原來秦時序進入醫院裏的第二天,村子裏就傳出了秦時序受了重傷的消息,甚至還說人已經救不回來。
王嬸看著蘇如月嚴肅的臉色,意識到這件事情可能沒有表麵上看的那樣簡單,因此也不敢隱瞞。
“是郭二家的說的,郭二家的你應該有印象,你剛嫁過來時,不是去河邊清衣服的時候,她就在你旁邊,還和你搭訕了兩句,她啊有個弟弟在部隊裏,她的意思是她弟弟跟她說的。”
蘇如月眯了眯眼,掩下了心頭的猜疑,朝著王嬸道:“行,估計接下來兩天我還要在醫院裏陪著二哥,他雖然傷的不重,但是也要有家屬陪護,不過你和叔不要擔心,而且跟你們說個好消息,今年啊,二哥估計會和我們一起過年呢!”
果不其然,兩個老人家一聽這話,瞬間把所有的不開心都忘了。
在他們眼中,秦時序就是他們的孩子,孩子能回來陪在身邊過年,一家人團團圓圓的,可不都笑了。
王嬸抓著蘇如月的手,叮囑了起來,“如月啊,家裏的事情你都不要擔心,你隻要好好照顧阿猛就行,讓他的身體快快好起來,千萬別落下了什麽後遺症,這話說也是為你好,他是你男人,他要是真有什麽,以後苦的可還是你啊!”
就像是村頭的葉家,男人從山上摔下來,落了個殘廢,結果最後苦的卻是他家的女人!
蘇如月:“放心吧,我心裏都有數的。
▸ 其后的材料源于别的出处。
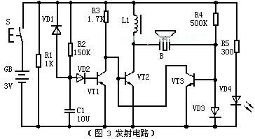 VT2和VT3构成直接耦合正反馈振荡电路,B为40KHz超声发射器件,并兼振荡电路反馈先频元件。因此,此电路可准确地振荡于超声发射器件的中心频率40KHZ。VT1和R2、C1组成500ms延时电路。R1、VD1是C1的放电通路,当按下发射键S时,VT2构成的振荡电路工作,发出超声波,同时,电源通过R2向C1充电,当C1上的电位充到1.4V时(约经过500ms),VT1导通,VT2基极以及VT3集电极电位下降为0.3V左右,振荡器停止工作,当松开发射键S时,C1通过VD1和R1迅速放电,为下一次发射作好准备.VD3和R4构成发射指示电路,当按发射键时,VD3发光。

”
蘇如月收拾了幾件衣服,又把三個孩子叫到了屋子裏,用秦時序作為把柄,要挾他們在家好好寫作業等等,小峰雖然不服氣,但也不得不點頭。
誰讓他二叔在這個惡毒女人的手裏!
蘇如月坐車又匆匆離開,王嬸領著三個孩子站在門口送了一下,直到車屁股都看不到時,王嬸才深深地歎了一口氣,抬手摸了摸小峰的頭。